Documentation/sound/designs/compress-offload.rst - arm/linux - Git at Google

 =========================
 ALSA Compress-Offload API
 =========================

 Pierre-Louis.Bossart <pierre-louis.bossart@linux.intel.com>

 Vinod Koul <vinod.koul@linux.intel.com>


 Overview
 ========
 Since its early days, the ALSA API was defined with PCM support or
 constant bitrates payloads such as IEC61937 in mind. Arguments and
 returned values in frames are the norm, making it a challenge to
 extend the existing API to compressed data streams.

 In recent years, audio digital signal processors (DSP) were integrated
 in system-on-chip designs, and DSPs are also integrated in audio
 codecs. Processing compressed data on such DSPs results in a dramatic
 reduction of power consumption compared to host-based
 processing. Support for such hardware has not been very good in Linux,
 mostly because of a lack of a generic API available in the mainline
 kernel.

 Rather than requiring a compatibility break with an API change of the
 ALSA PCM interface, a new 'Compressed Data' API is introduced to
 provide a control and data-streaming interface for audio DSPs.

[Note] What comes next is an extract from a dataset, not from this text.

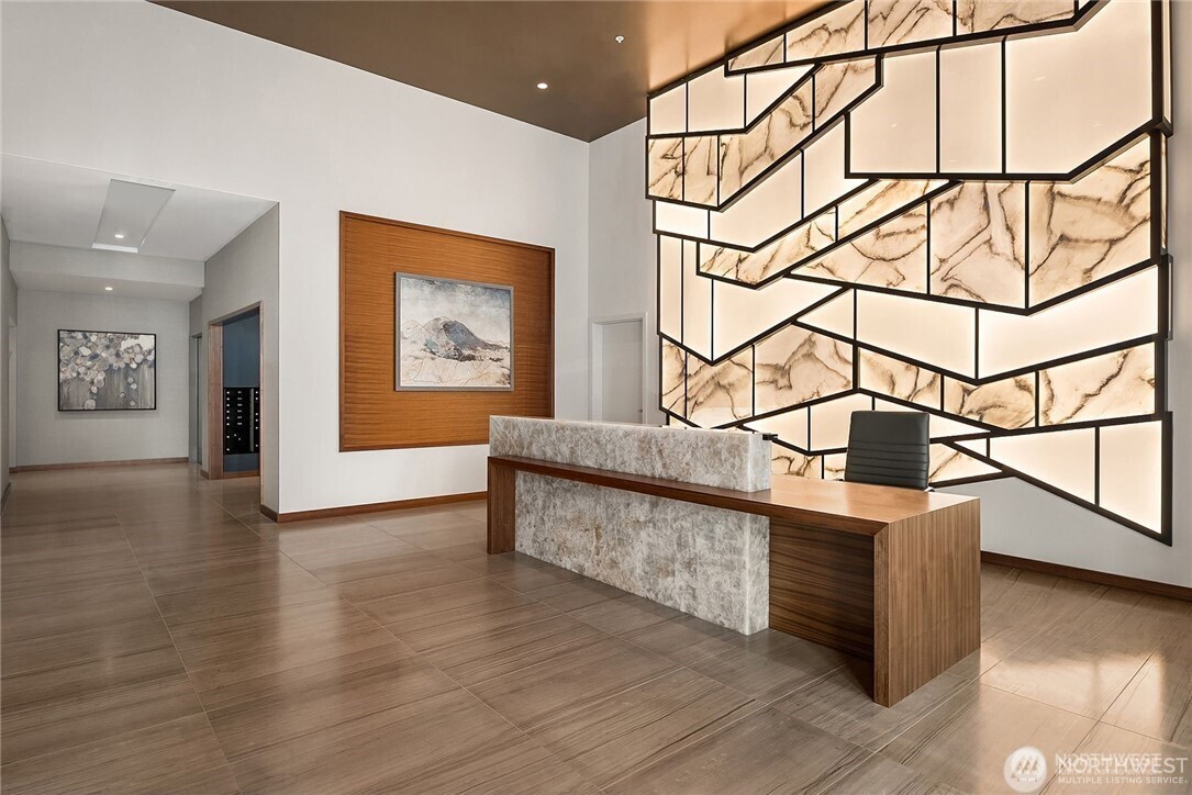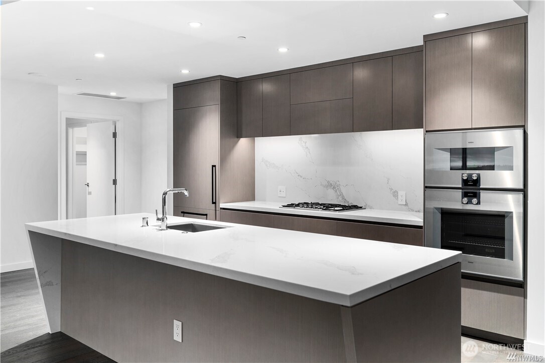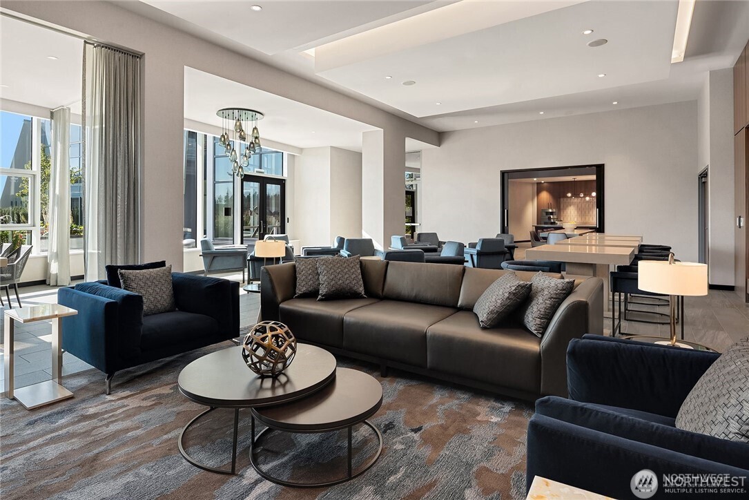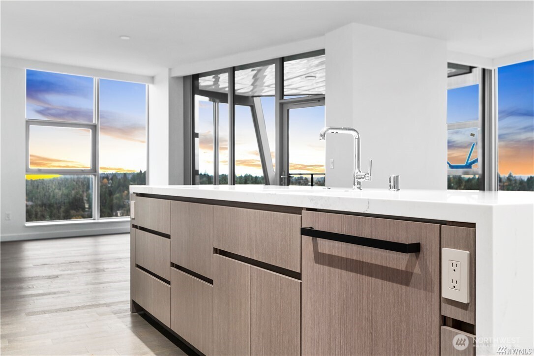 Floor-to-ceiling windows in every room frame Lake Washington and the Seattle skyline above sparkling Bellevue's vibrant downtown at this beautiful SW corner 3-Bedroom home with two large terraces designed for modern living and entertainment. Spacious, with Wide-plank hardwood floors and an expansive island centering the chef's kitchen. Gaggenau appliances and waterfall counters. The spacious owner's suite presents a large walk-in closet and sleek herringbone porcelain tile shower. Private garage with exclusive gate for two cars. World-class amenities include 24-7 concierge, garden terraces, fitness + spin studio, pool, steam room, virtual golf, party room, all a block from The Bellevue Collection and Main Street's shops and restaurants.

 The design of this API was inspired by the 2-year experience with the
 Intel Moorestown SOC, with many corrections required to upstream the
 API in the mainline kernel instead of the staging tree and make it
 usable by others.


 Requirements
 ============
 The main requirements are:

 - separation between byte counts and time. Compressed formats may have
   a header per file, per frame, or no header at all. The payload size
   may vary from frame-to-frame. As a result, it is not possible to
   estimate reliably the duration of audio buffers when handling
   compressed data. Dedicated mechanisms are required to allow for
   reliable audio-video synchronization, which requires precise
   reporting of the number of samples rendered at any given time.

 - Handling of multiple formats. PCM data only requires a specification
   of the sampling rate, number of channels and bits per sample. In
   contrast, compressed data comes in a variety of formats. Audio DSPs
   may also provide support for a limited number of audio encoders and
   decoders embedded in firmware, or may support more choices through
   dynamic download of libraries.

 - Focus on main formats. This API provides support for the most
   popular formats used for audio and video capture and playback. It is
   likely that as audio compression technology advances, new formats
   will be added.

 - Handling of multiple configurations. Even for a given format like
   AAC, some implementations may support AAC multichannel but HE-AAC
   stereo. Likewise WMA10 level M3 may require too much memory and cpu
   cycles. The new API needs to provide a generic way of listing these
   formats.

 - Rendering/Grabbing only. This API does not provide any means of
   hardware acceleration, where PCM samples are provided back to
   user-space for additional processing. This API focuses instead on
   streaming compressed data to a DSP, with the assumption that the
   decoded samples are routed to a physical output or logical back-end.

 - Complexity hiding. Existing user-space multimedia frameworks all
   have existing enums/structures for each compressed format. This new
   API assumes the existence of a platform-specific compatibility layer
   to expose, translate and make use of the capabilities of the audio
   DSP, eg. Android HAL or PulseAudio sinks. By construction, regular
   applications are not supposed to make use of this API.


 Design
 ======
 The new API shares a number of concepts with the PCM API for flow
 control. Start, pause, resume, drain and stop commands have the same
 semantics no matter what the content is.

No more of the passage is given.